En juin, des assaillants non identifiés ont agressé un maire de district qui s’était trouvé en conflit avec des personnalités importantes du RPF. Il a été ensuite forcé à démissionner et a fui le pays.  
 
Détentions illégales, tortures et mauvais traitements  
Des policiers et des membres des Forces de défense locales ont arrêté illégalement et maltraité des centaines de personnes, dont de nombreux enfants des rues et des membres d’autres groupes vulnérables à Kigali, la capitale, au cours des premiers mois de 2006. Gardés dans des entrepôts délabrés dans un centre de détention officieux, des centaines de détenus ont souffert de manque de nourriture, d’eau et de soins médicaux.
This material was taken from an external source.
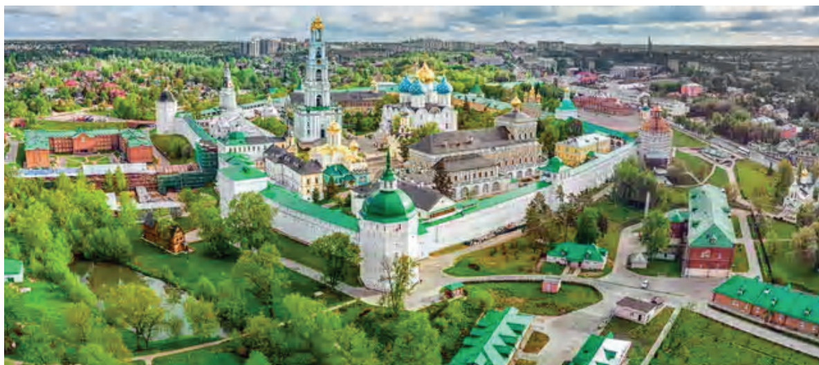
Рисунок 6 – Общий вид на историко-архитектурный комплекс «Ростовский Кремль».

Историко-архитектурный комплекс, раскрывающий многовековую историю города являющийся древнейшей частью и цитаделью Казани – Казанский кремль (рис. 7). Комплекс занимает внушительную территорию и напоминает музей под открытым небом [7].

Des enfants ont subi des sévices de la part de détenus adultes et des femmes ont fait état de viols commis par le personnel de sécurité. Après que Human Rights Watch ait publié un rapport sur le centre, les autorités l’ont fermé, obligeant la plupart des détenus à partir au milieu de la nuit.  
 
Expulsions et limitations sur l'utilisation de la terre  
Dans le cadre de la « modernisation » de Kigali, des maisons construites sans autorisation dans les secteurs pauvres de la ville ont été démolies. Bien que les autorités aient affirmé qu’un préavis de 15 jours avait été donné avant la démolition, beaucoup d’habitants ont dit que ce n’était pas vrai.  
 
Alors que le Rwanda progresse dans l’application d’une réforme agraire de grande ampleur adoptée en 2005, les responsables de deux districts ont ordonné aux habitants d’abattre leurs plantations de bananiers et de les remplacer par des arbres ornementaux ou par des cultures plus productives. A la suite des protestations publiques dans un district, les responsables ont dit que les habitants ne seraient pas forcés mais seulement « persuadés » de se soumettre.  
 
Les acteurs clés au niveau international  
En 2006, de nombreux bailleurs de fonds internationaux ont continué à apporter une aide financière et politique généreuse au Rwanda. Dans un exemple rare de critique portant sur une question de droits humains, la Commission européenne a exprimé des inquiétudes à propos de la détention illégale des enfants des rues.  
 
Le mécanisme d’évaluation par les pairs du Nouveau partenariat pour le développement de l’Afrique (NEPAD) a fait sur le Rwanda un rapport généralement favorable mais a critiqué son apparent « désir d’oblitérer les identités différentes, » comme celles de la minorité Batwa, et la « participation préparée aux affaires publiques comme déterminée par les autorités politiques. » Préoccupée par les limites imposées à l’espace politique, la mission d’évaluation a recommandé de reconnaître « le besoin pour les partis politiques et la société civile de fonctionner librement. » Après avoir salué les gacaca comme une innovation potentiellement utile, la mission a exprimé des inquiétudes à propos de l’étendue de leur légitimité auprès des Rwandais. La mission s’est également interrogée sur les raisons de l’augmentation du pourcentage de Rwandais vivant dans la pauvreté malgré cinq ans d’efforts censés avoir pour but l’amélioration de leur statut. Le Président Kagamé a riposté en critiquant la méthodologie de la mission et en défendant les pratiques controversées.